A working definition from MIT Sloan
artificial intelligence explainability (noun)
A quality that enables users of artificial intelligence programs to understand and trust how models operate and make decisions.
Creating successful artificial intelligence programs doesn’t end with building the right system. Stakeholders must have confidence that the programs are accurate and trustworthy.
According to research from Ida Someh, Barbara Wixom, and Cynthia Beath of the MIT Sloan Center for Information Systems Research, artificial intelligence explainability helps by ensuring users that models are “value-generating, compliant, representative, and reliable.”
There are several reasons stakeholders hesitate to trust AI. Because AI is relatively new, there isn’t an extensive list of proven use cases. Models are often opaque — AI relies on complex math and statistics, so it can be hard for average users to tell how a model works, whether it is producing accurate results, and if it is ethical and compliant.

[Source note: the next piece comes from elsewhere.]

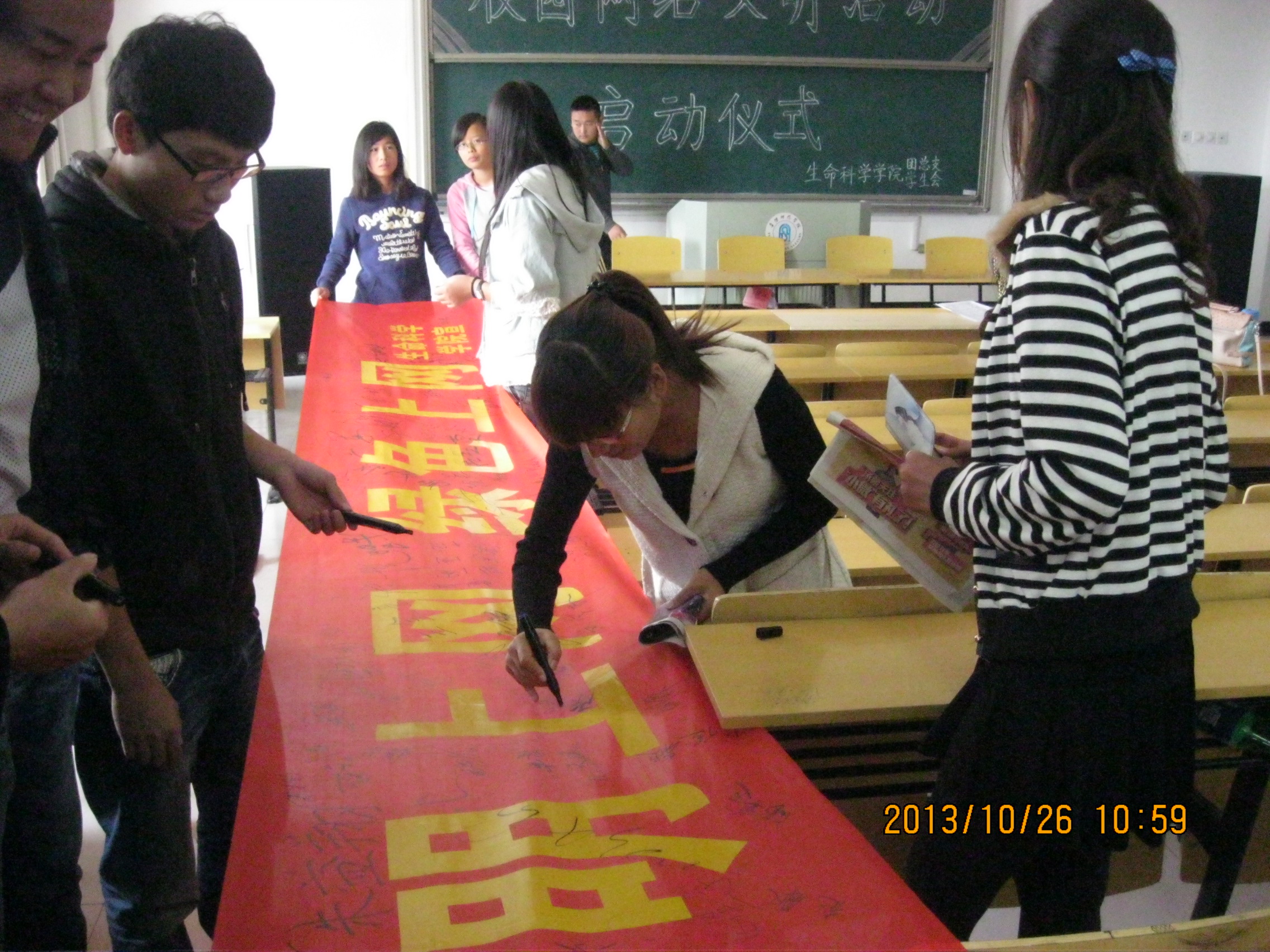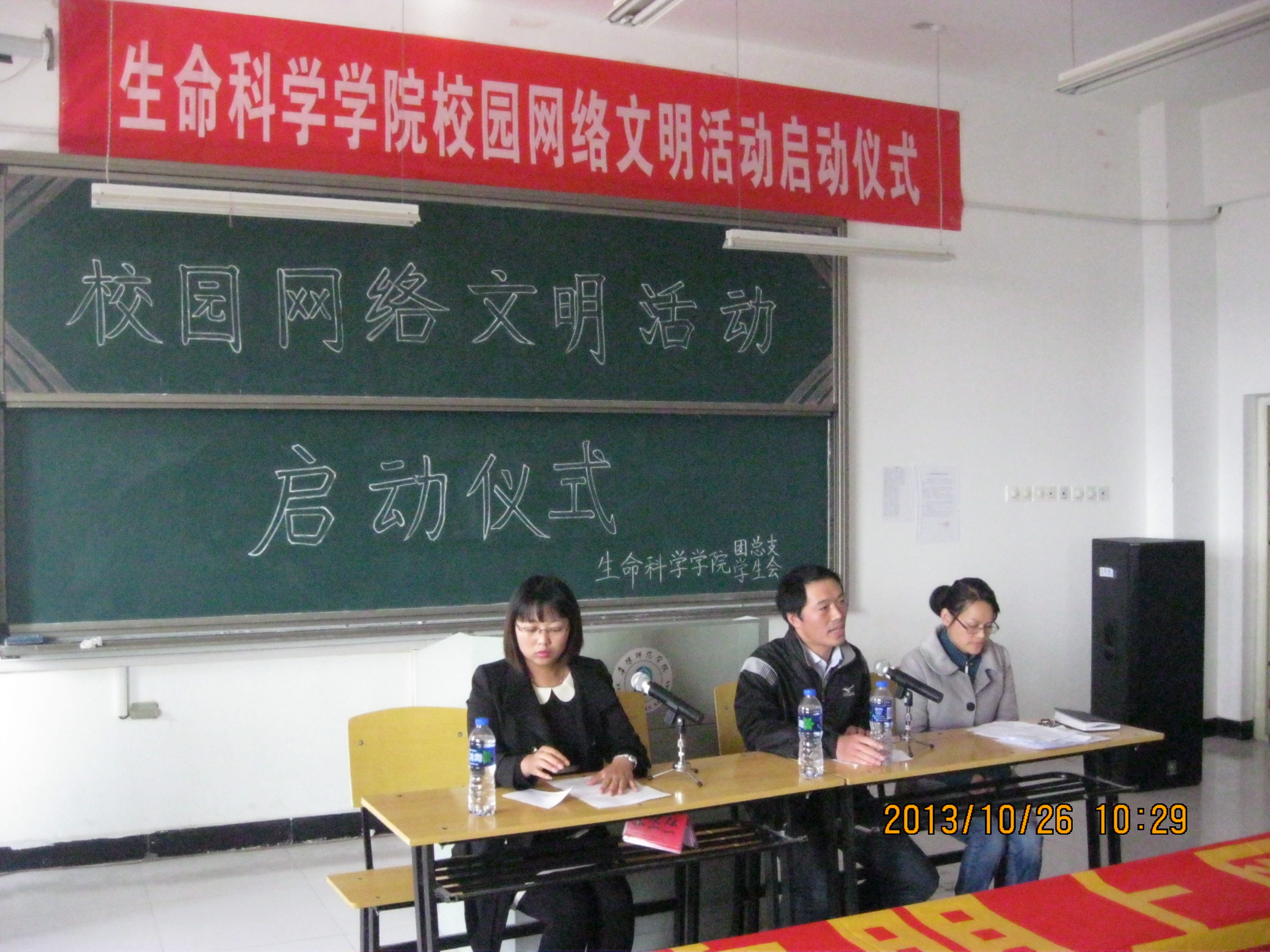 10月26日上午,生命科学学院在实验D楼207教室举行“文明上网 绿色上网”—校园网络文明活动启动仪式。出席启动仪式的有党总支书记包春雷,团总支老师范亚丽、王丛丛和2011-2013级各班班委及院学生会成员。

Models can produce biased results if trained on biased data, and they also “drift” over time, meaning they can start producing inaccurate results as the world changes or incorrect data is included and replicated.
AI explainability is an emerging field, and teams working on AI projects are mostly creating the playbook as they go, the researchers write. Organizations can start by identifying units and organizations that are already creating effective AI explanations, continuing to test the most promising practices, and institutionalizing the best ones.